7.1.3 Time Reversibility

A Markov chain is time reversible if \[ (X_0, X_1,\dots,X_n) \stackrel{D}{=} (X_n,X_{n-1},\dots,X_0). \] The sequence of states moving in the “forward” direction (with respect to time) is equal in distribution to the sequence of states moving in the “backward” direction. Further, the definition above implies that \((X_0, X_1)\stackrel{D}{=}(X_1,X_0)\), which further implies that \(X_0\stackrel{D}{=}X_1\). Because \(X_1\) is equal in distribution to \(X_0\), this implies that \(\pi_1=\pi_0\). However, because \(\pi_1=\pi_0 P\), where \(P\) is the transition matrix, this means that \(\pi_0\) is the stationary distribution, which we will now refer to as \(\pi\). Therefore, a time reversible Markov chain is stationary.

In addition to stationarity, the time reversibility property tells us that for all \(i\), \(j\), the following are all equivalent:

\[\begin{eqnarray*} (X_0, X_1) & \stackrel{D}{=} & (X_1, X_0)\\ \mathbb{P}(X_0=i, X_1=j) & = & \mathbb{P}(X_1=i, X_0 = j)\\ \mathbb{P}(X_0=i)\mathbb{P}(X_1=j\mid X_0=i) & = & \mathbb{P}(X_0=j)\mathbb{P}(X_1=i\mid X_0=j) \end{eqnarray*}\]

The last line can also be written as \[ \pi(i)P(i, j) = \pi(j)P(j, i) \] which are called the local balance equations. A key property that we will exploit later is that if the local balance equations hold for a transition matrix \(P\) and distribution \(\pi\), then \(\pi\) is the stationary distribution of a chain governed by the transition matrix \(P\).

Why is all this important? Time reversibility is relevant to analyses making use of Markov chain Monte Carlo because it allows us to find a way to construct a proper Markov chain from which to simulate. In most MCMC applications, we have no trouble identifying the stationary distribution. We already know the stationary distribution because it is usually a posterior density resulting from a complex Bayesian calculation. Our problem is that we cannot simulate from the distribution. So the problem is constructing a Markov chain that leads to a given stationary distribution.
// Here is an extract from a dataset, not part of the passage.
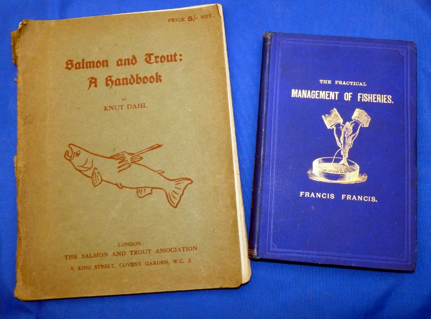Francis, F - "The Practical Management Of Fisheries" 1st ed 1883, blue cloth binding, decorative text, tight clean interior, fold out map and adverts to rear and Dahl, K - "Salmon & Trout: A Handbook" Salmon & Trout Association S/b, faded colour, 107 pages, internally good. (2)
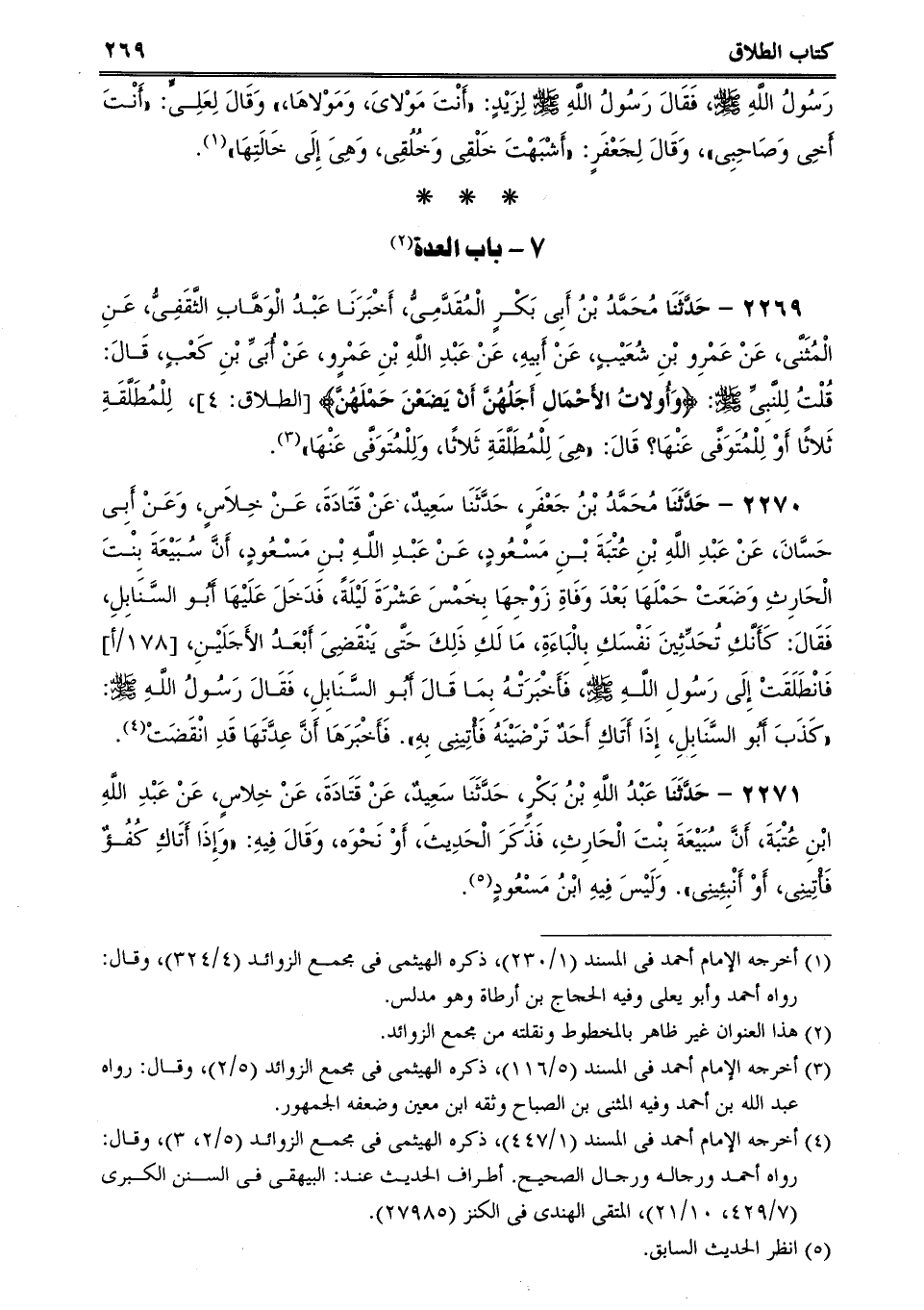 2269 - حَدَّثَنَا مُحَمَّدُ بْنُ أَبِى بَكْرٍ الْمُقَدَّمِىُّ، أَخْبَرَنَا عَبْدُ الْوَهَّابِ الثَّقَفِىُّ، عَنِ الْمُثَنَّى، عَنْ عَمْرِو بْنِ شُعَيْبٍ، عَنْ أَبِيهِ، عَنْ عَبْدِ اللَّهِ بْنِ عَمْرٍو، عَنْ أُبَىِّ بْنِ كَعْبٍ، قَالَ: قُلْتُ لِلنَّبِىِّ صلى الله عليه وسلم: {وَأُولاتُ الأَحْمَالِ أَجَلُهُنَّ أَنْ يَضَعْنَ حَمْلَهُنَّ} ، لِلْمُطَلَّقَةِ ثَلاثًا أَوْ لِلْمُتَوَفَّى عَنْهَا؟ قَالَ: "هِىَ لِلْمُطَلَّقَةِ ثَلاثًا، وَلِلْمُتَوَفَّى عَنْهَا.

Time reversibility gives us a way to construct a Markov chain that converges to a given stationary distribution. As long as we can show that a Markov chain with a given transition kernel/matrix satisfies the local balance equations with respect to the stationary distribution, we can know that the chain will converge to the stationary distribution.

7.1.4 Summary

To summarize what we have learned in this section, we have that

  1. We want to sample from a complicated density \(\pi\).

  2. We know that aperiodic and irreducible Markov chains with a stationary distribution \(\pi\) will eventually converge to that stationary distribution.

  3. We know that if a Markov chain with transition matrix \(P\) is time reversibile with respect to \(\pi\) then \(\pi\) must be the stationary distribution of the Markov chain.

  4. Given a chain governed by transition matrix \(P\), we can simulate it for a long time and eventually we will be simulating from \(\pi\).

That is the basic gist of MCMC techniques and I have given the briefest of introductions here. That said, in the next section we will discuss how to construct a proper Markov chain for simulating from the stationary distribution.